The firm announced plans to list a fund on the Australian Stock Exchange (ASX) before the end of the year that will allow institutional and retail investors access to Chinese stocks.
 
AMP Capital head of investments Shane Oliver said the best way to participate in the longer-term growth of China was through A shares.
 
"The Chinese growth story has a long way to go.

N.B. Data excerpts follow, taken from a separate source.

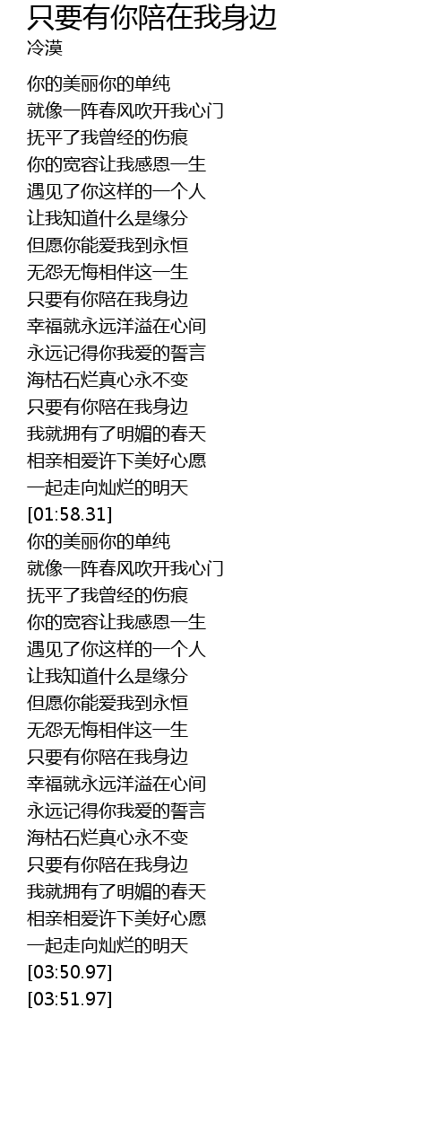 | [01:35.42] | zhǐ yào yǒu nǐ péi zài wǒ shēn biān |
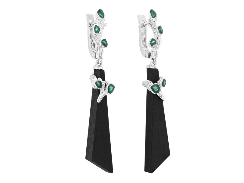 Серьги из серебра 925 пробы с деревом и холодной эмалью от российского бренда Kabarovsky. Эти серьги дополнят любой образ — эмаль будет удачно и выигрышно дополнять как летящий летний сарафан, так и офисный строгий костюм.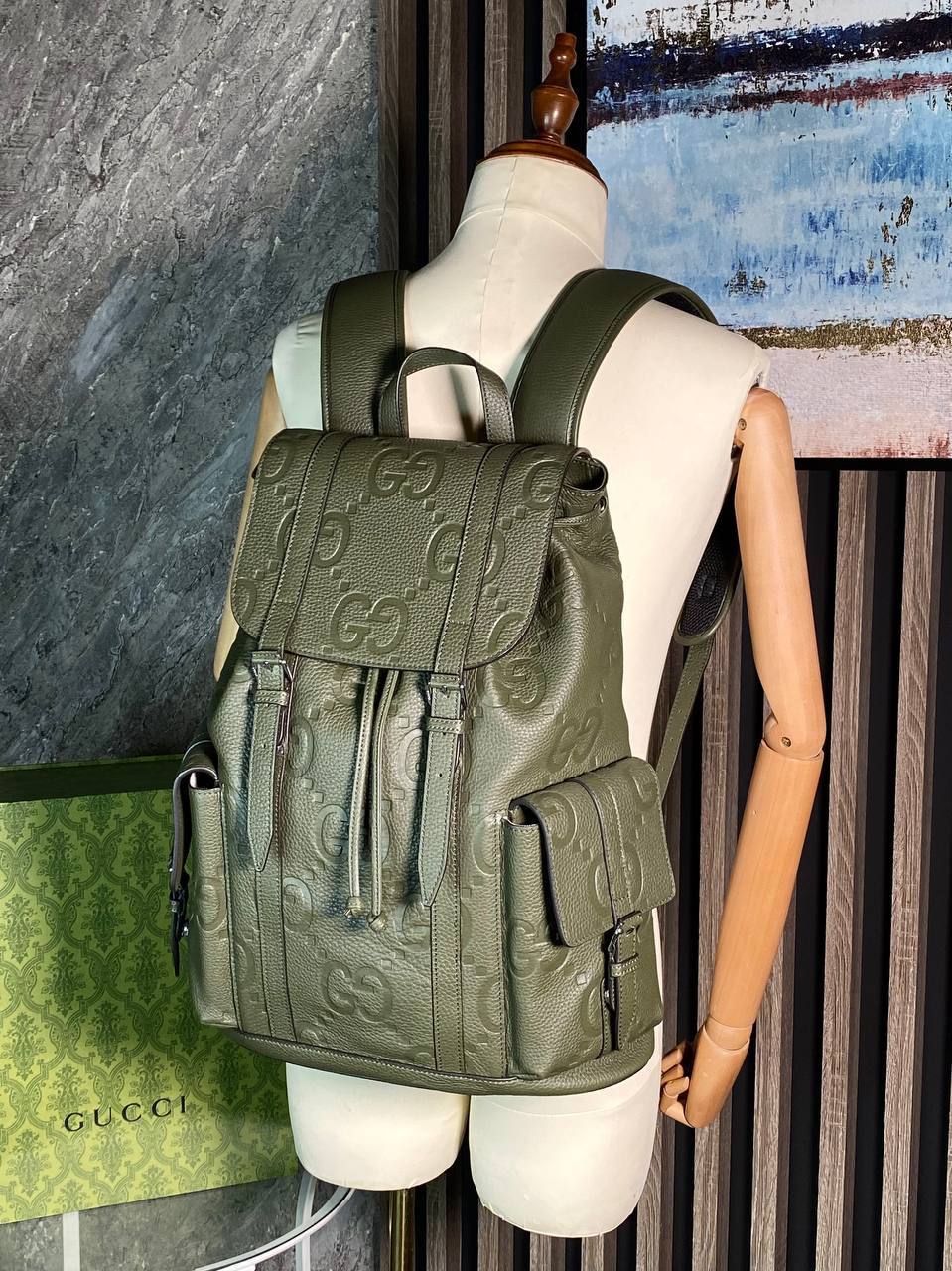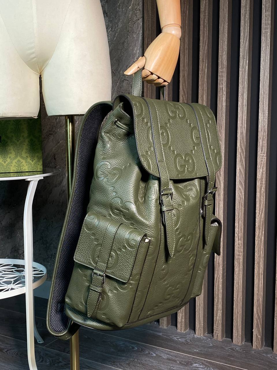 Рюкзак Gucci LUX-114104 представлен в классическом стиле. Рюкзак выполнен в оливковом цвете с тиснением в виде фирменного логотипа бренда по всей поверхности. Имеет прямоугольную форму с откидным клапаном и множеством функциональных карманов.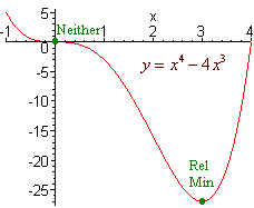 Example Let f(x) = x4 - 4x3 Then f '(x) = 4x3 - 12x2 which is zero at x = 0 and x = 3 f ''(x) = 12x2 - 24x f ''(0) = 0 and f ''(3) > 0 Hence at x = 3 there is a relative minimum. At x = 0 we use the first derivative test. To the left of 0: f '(x) < 0 To the right of 0: f '(x) <0 thus at x = 0 there is no local extrema. The graph is pictured below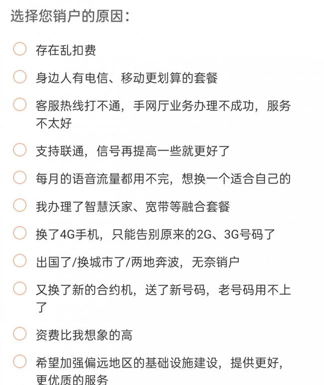 2、第二步就会询问你销户的原因,这个就根据你的实际情况来选了。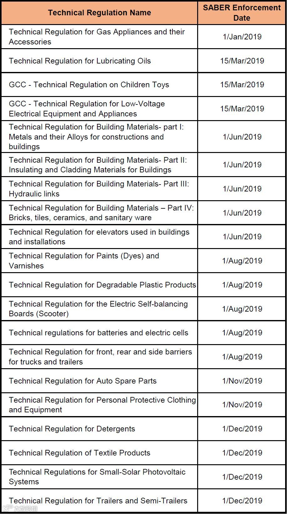 与此同时,以下商品已于今年早些时候,开始实行SABER认证: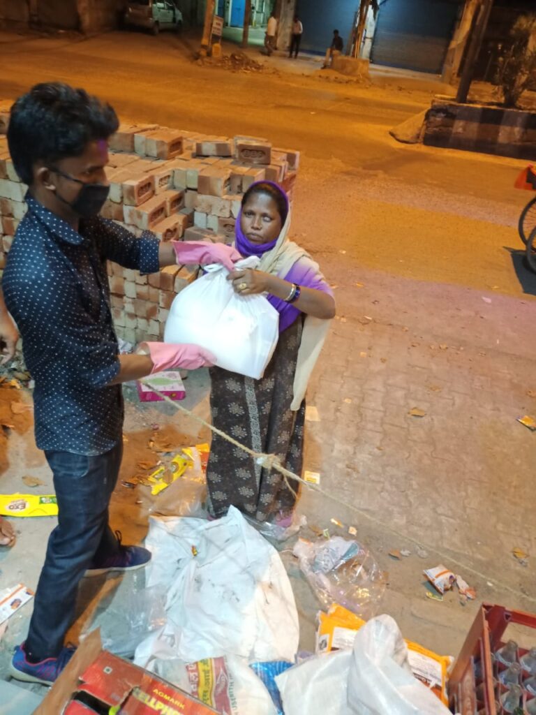 – Partnered with community kitchens to distribute 200–250 cooked meals daily to stranded industrial workers.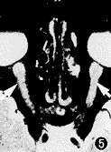 1.视神经炎的MRI改变∶(1)视神经炎症改变的异常信号,主要表现为T2WI呈高信号,采用脂肪和水抑制,术后信号更明显(图1,2)。(2)视神经鞘蛛网膜下腔改变,主要表现为脑脊液信号增宽或变窄。同时,MRI可显示病灶位置(视神经段)、大小(长度)、部位(全断面、中轴或周边)及视神经有无增粗或变细(图3~5)。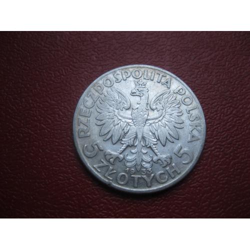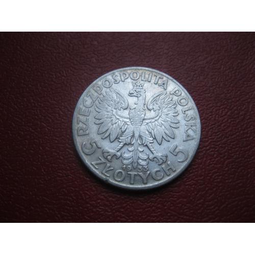 OriginalПольша 5 злотых 1934 г. "Голова полонии" . Сохран .Серебро 750 проба. Оригинал.. Хороший сохран. На оккупированные территории не отправляю.. Состояние по фото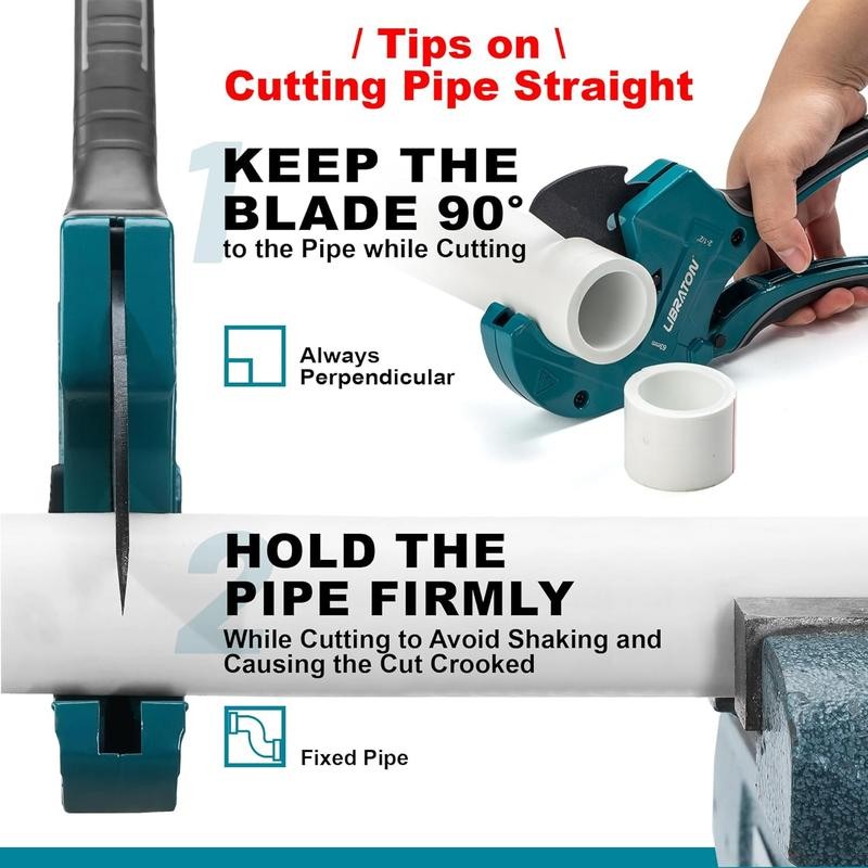 „ÄêTips on Cutting Pipes Straight„Äë Please make sure that the pipe is perpendicular to the blade before cutting, as it helps to ensure cut the pipe straight.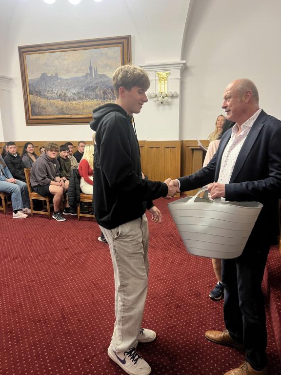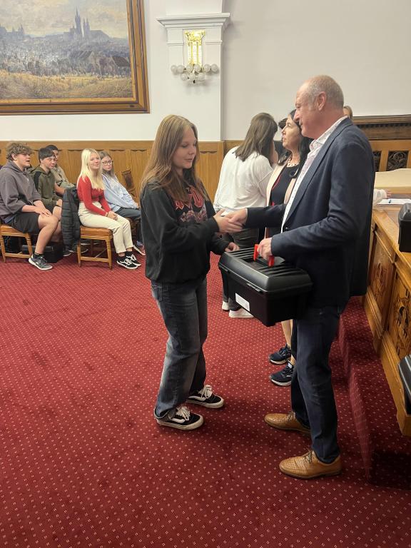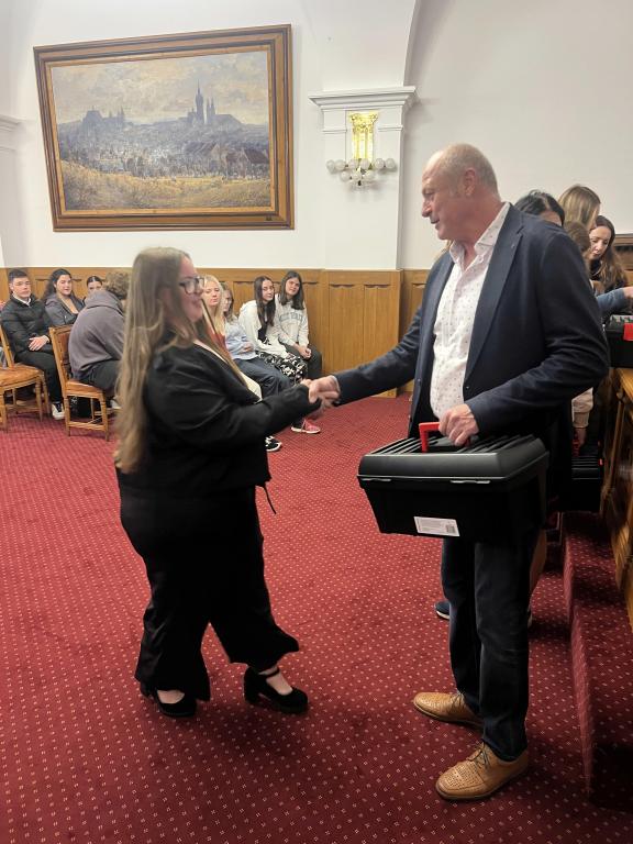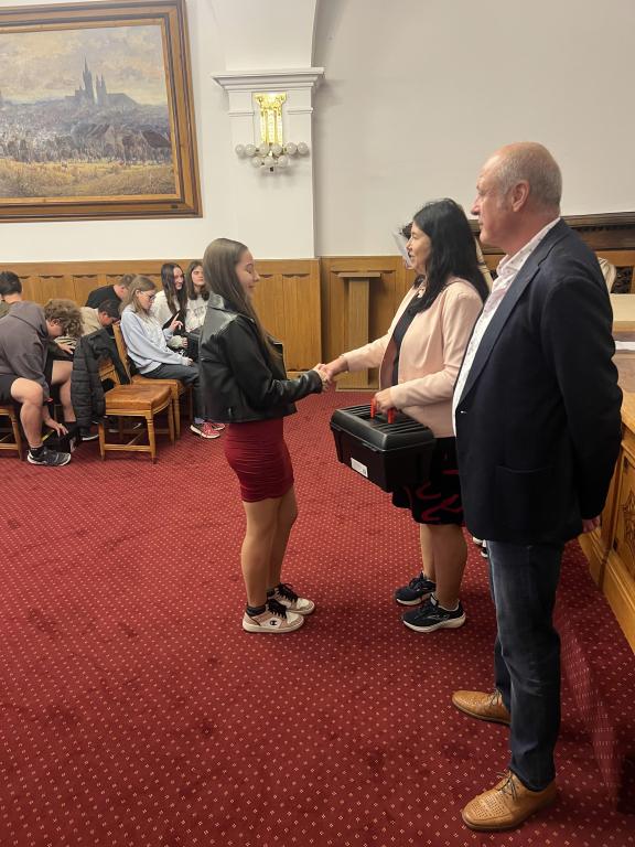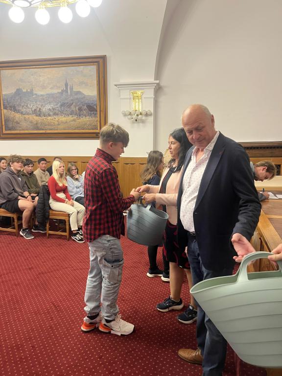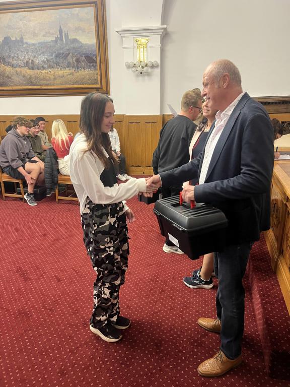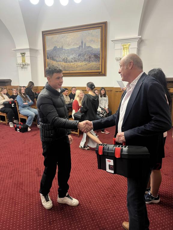 V  pondělí 13. října 2025 převzali žáci 1. ročníků učebních oborů ZEMĚDĚLEC-FARMÁŘ a ZAHRADNÍK Střední školy zemědělské a potravinářské, Klatovy kufříky se sadou nářadí a zahradnické koše s nářadím na Městském úřadě v Klatovech za přítomnosti pana Mgr. Rudolfa Salvetra, starosty města Klatov a JUDr. Jaroslavy Havlíčkové, MBA vedoucí odboru školství, mládeže a sportu Krajského úřadu Plzeňského kraje, a to v rámci projektu „Podpora technického vzdělání mládeže, Plzeňský kraj“.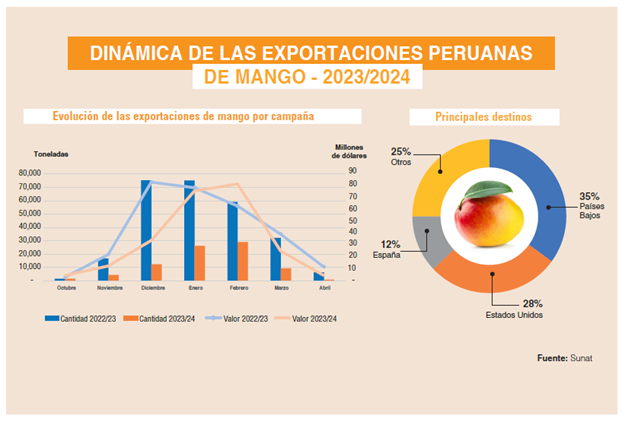La última campaña 2023/2024 lamentablemente mostró un desempeño extremadamente bajo debido a las altas temperaturas, las terribles lluvias y la poca floración en los campos de mango. La campaña se presentó bastante retrasada en comparación a la anterior con 84.632 toneladas exportadas por un valor de US$ 239 millones, registrando una reducción de -68% en volumen y -21% en valor frente a lo registrado en la campaña 2022/2023. Esta menor contracción en el valor se explica a la mejora en los precios (+149% para un precio promedio de US$ 2.82 por kilogramo) producto del desabastecimiento.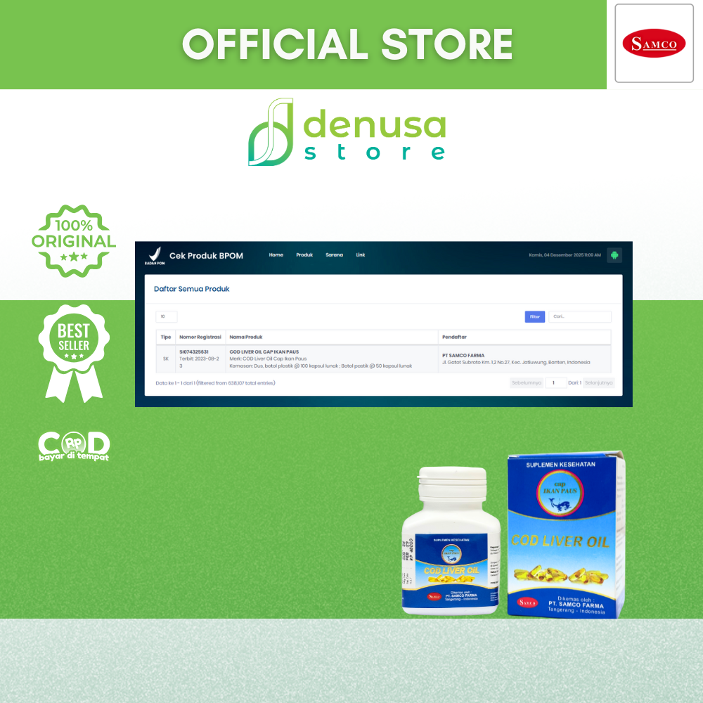 Beli SAMCO Cod Liver Oil 100 Kapsul hanya di denusastore.com. Suplemen harian praktis. Untuk mendukung kesehatan secara menyeluruh!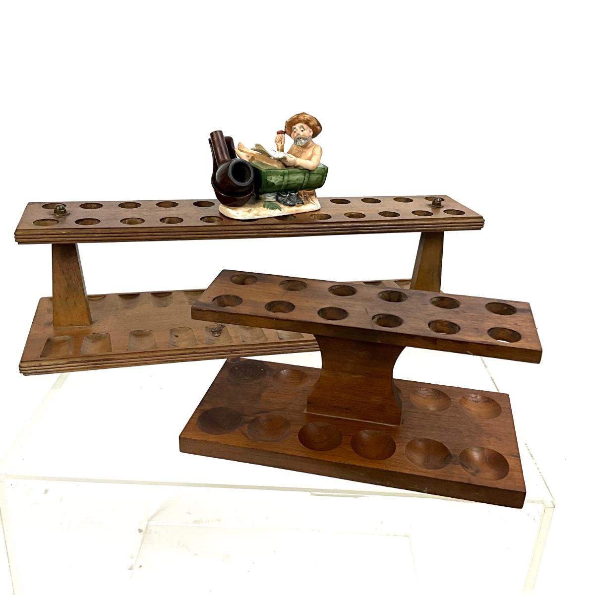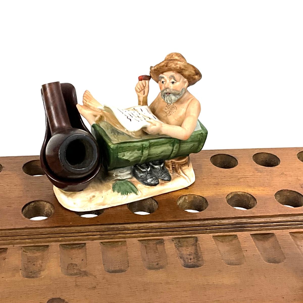 1411 Vintage Wooden Pipe Stands with Porcelain Figural Single Pipe Holder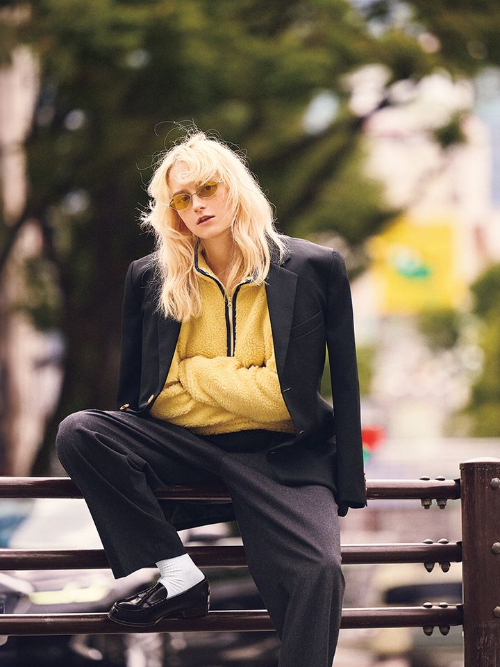 黒ワイドジャケット 61,600円/SEA(エスストア) 黒ワイドジャケット 61,600円/SEA(エスストア) グレーテーパードパンツ(メンズ) 59,400円/ATON(ATON AOYAMA) サングラス 27,720円/Ray-Ban(ルックスオティカジャパン カスタマーサービス) ソックス 2,750円/ブルーフォレ(LITTLE LEAGUE INC.) ローファー 9,130円/HARUTA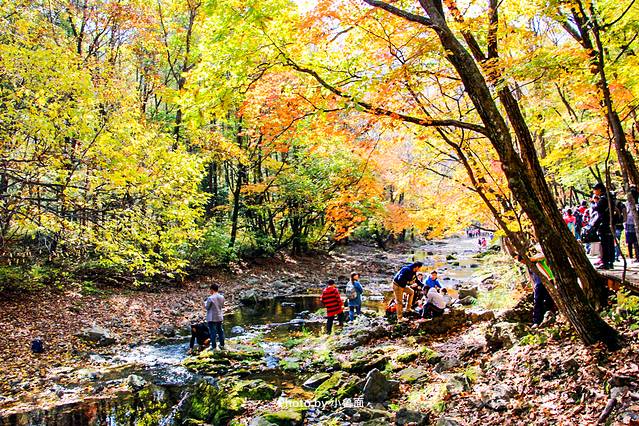 森林公园里有几个赏枫摄影点:小黄山景区的“枫之海”,这是小黄山顶部的一个景点,这里枫树面积大,每到秋季就像枫叶的海洋,在早上有雾时更是犹如仙境;夹砬子景区的“五彩湖”,每到秋季,黄的柞树、绿的青松、红的枫树,它们的倒影映衬在水里边,相当迷人。

It will be 30 to 40 years before China catches up to Australia in terms of per capita income," Oliver said.
 
"On average we estimate GDP growth in China of 8 per cent to 10 per cent per annum during that period."
 
Only those investment firms and banks with a Qualified Foreign Institutional Investor (QFII) licence are permitted to trade A shares and bonds on Chinese stock exchanges.
 
Those without a licence can only trade foreign denominated B shares or Hong Kong listed H shares, a much smaller investment universe.
 
AMP was the first Australian firm to be granted a licence by the Chinese Securities Regularity Commission in July.
 
It will initially enlist the help of two external managers with experience in Chinese A share investing to help with the firm's stock picking approach.
 
Oliver added there would inevitably be economic cycles along the way but now was an ideal time to invest in Chinese stocks because they were good value compared to the rest of the world.
 
"It was a bear market for [Chinese] A shares between 2001 and 2005. They were overvalued with P/E ratios of about 25 times and there was also uncertainty over their ownership," he said.
 
"But the ownership uncertainty has largely been resolved and valuations are down to about 13 to 14 times, which makes Chinese companies attractive in a global sense."
 
To date 48 foreign firms have been awarded QFII licences with the ability to invest in Yuan-denominated stocks and bonds.
 
QFII licence holders include Citigroup, HSBC, UBS, Nomura Securities, Deutsche Bank, Morgan Stanley, Goldman Sachs, JP Morgan and Merrill Lynch.
 
The QFII program was launched in November 2002.